At startup the service loads config/settings.json, merges config/local.json over it when present, builds a router, and loads configured models with enabled: true.

At runtime:

POST /v1/admin/models/{model_name}/load loads a known configured model.
POST /v1/admin/models/{model_name}/unload unloads a loaded model.
load/unload changes are live-only and do not write back to JSON config files.
a model must be known in the merged settings before the admin API can load it.
backend-specific load overrides are accepted for supported runtime knobs, but are temporary.

A runtime model currently runs in one of three different shapes:

in-process Python runtimes: CT2, ExLlamaV3, llama_cpp/GGUF, vLLM
managed local subprocess runtimes: llama_server, vllm_serve
remote upstream API runtime: openai_remote

The managed subprocess backends are useful when native upstream dependencies, CUDA libraries, or backend build variants should be isolated from the main Python API process.

API Surface

Endpoint	Purpose
`POST /v1/responses`	Run inference. `stream: false` returns one JSON envelope; `stream: true` returns Server-Sent Events.
`GET /v1/models`	List currently loaded public model ids.
`GET /v1/admin/models`	List all configured models plus runtime state, queue state, replica state, capabilities, load constraints, and model definition metadata.
`GET /v1/admin/gpu-memory`	Return current GPU memory usage and approximate per-model VRAM estimates.
`POST /v1/admin/models/{model_name}/load`	Load one configured model at runtime with optional live-only backend overrides.
`POST /v1/admin/models/{model_name}/unload`	Gracefully unload one loaded model.

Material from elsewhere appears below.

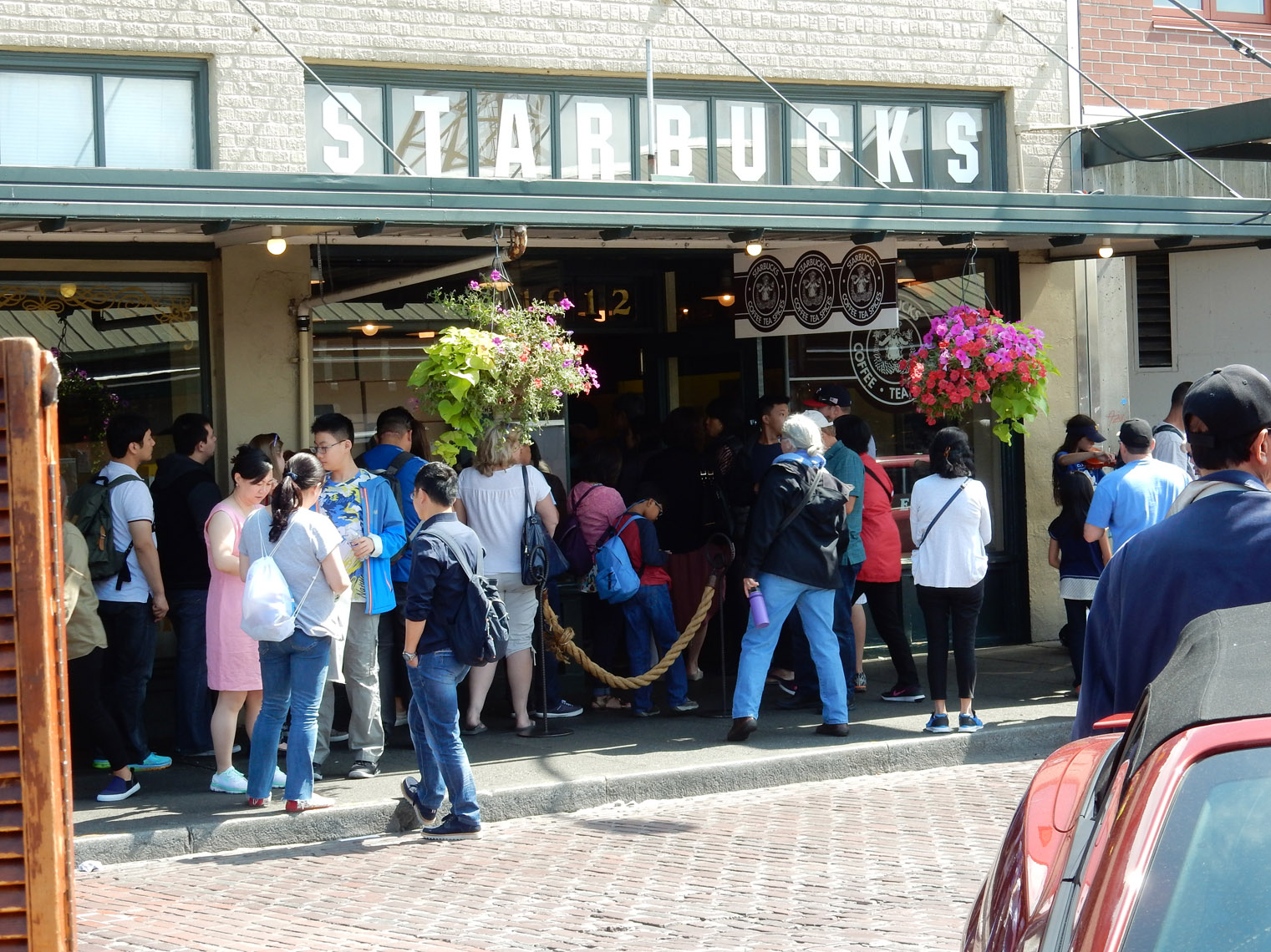 Moving on, we came across the first Starbucks...or not. Actually, it was a newer location done up to look like the first Starbucks (complete with the first Starbucks exclusive merchandise). Presumably, the goal is to help reduce the lines at the real first Starbucks, which we came across a bit later in the day. Didn't go in though, since we probably would have had to wait in line for an hour.

See runtime-admin-api.md for the full admin API shape.

Inference Example

Request:

{
  "model": "google_gemma-4-26B-A4B-it-Q4_K_M-gguf",
  "input": "The weather is pleasant today, and I would like to take a walk in the park after lunch.",
  "instructions": "Translate to Dutch. Return only the translation.",
  "stream": false,
  "decoding": {
    "beam_size": 1,
    "top_k": 1,
    "top_p": 1.0,
    "temperature": 0.1,
    "repetition_penalty": 1.0,
    "max_tokens": 256
  }
}

Response:

{
  "id": "resp_123",
  "object": "response",
  "model": "google_gemma-4-26B-A4B-it-Q4_K_M-gguf",
  "output": [
    {
      "type": "output_text",
      "text": "Het weer is aangenaam vandaag en ik zou na de lunch graag een wandeling in het park willen maken."
    }
  ],
  "output_text": "Het weer is aangenaam vandaag en ik zou na de lunch graag een wandeling in het park willen maken.",
  "metrics": {
    "backend_inference_wall_ms": 138.1,
    "engine_total_wall_ms": 138.6,
    "engine_outside_backend_wall_ms": 0.5,
    "pool_total_wall_ms": 139.0,
    "engine_tokenize_ms": null,
    "gpu_time_to_first_token_ms": null,
    "gpu_generate_total_ms": 138.4,
    "gpu_decode_after_first_token_ms": null,
    "engine_prompt_tokens": 47,
    "engine_output_tokens": 23,
    "engine_tokens_per_second": 166.2
  }
}

stream: true currently uses the service-side SSE path. It emits:

response.created
response.output_text.delta
response.metrics
response.completed

This is not yet guaranteed to be backend-native live token streaming for every runtime.

Request Fields

Field	Type	Required	Default	Notes
`model`	`string`	yes	none	Must match a loaded public model id.
`input`	`string \| array`	conditional	none	Single-turn input. Provide either `input` or `messages`.
`messages`	`array`	conditional	none	Multi-turn conversation. Last message must have role `user`. Support is backend-dependent and advertised as `capabilities.multi_turn`.
`instructions`	`string \| null`	no	`null`	System prompt or high-level guidance. Omit for `translategemma_template`.
`source_lang_code`	`string \| null`	no	`null`	Source language for translation models. For `translategemma_template`, omit it or use `"auto"`/`"mixed"` to translate mixed-source input.
`target_lang_code`	`string \| null`	no	`null`	Required for `prompt_format: "translategemma_template"`.
`allow_remote`	`boolean`	no	`false`	Must be `true` for `openai_remote` remote models.
`stream`	`boolean`	no	`false`	`false` returns one JSON response; `true` returns SSE events.
`thinking`	`"default" \| "enabled" \| "disabled"`	no	`"default"`	Request-level thinking override. Accepted values are advertised per model in `capabilities.thinking_modes`.
`decoding`	`object`	no	`{}`	Omitted subfields fall back to `engine.decoding` defaults.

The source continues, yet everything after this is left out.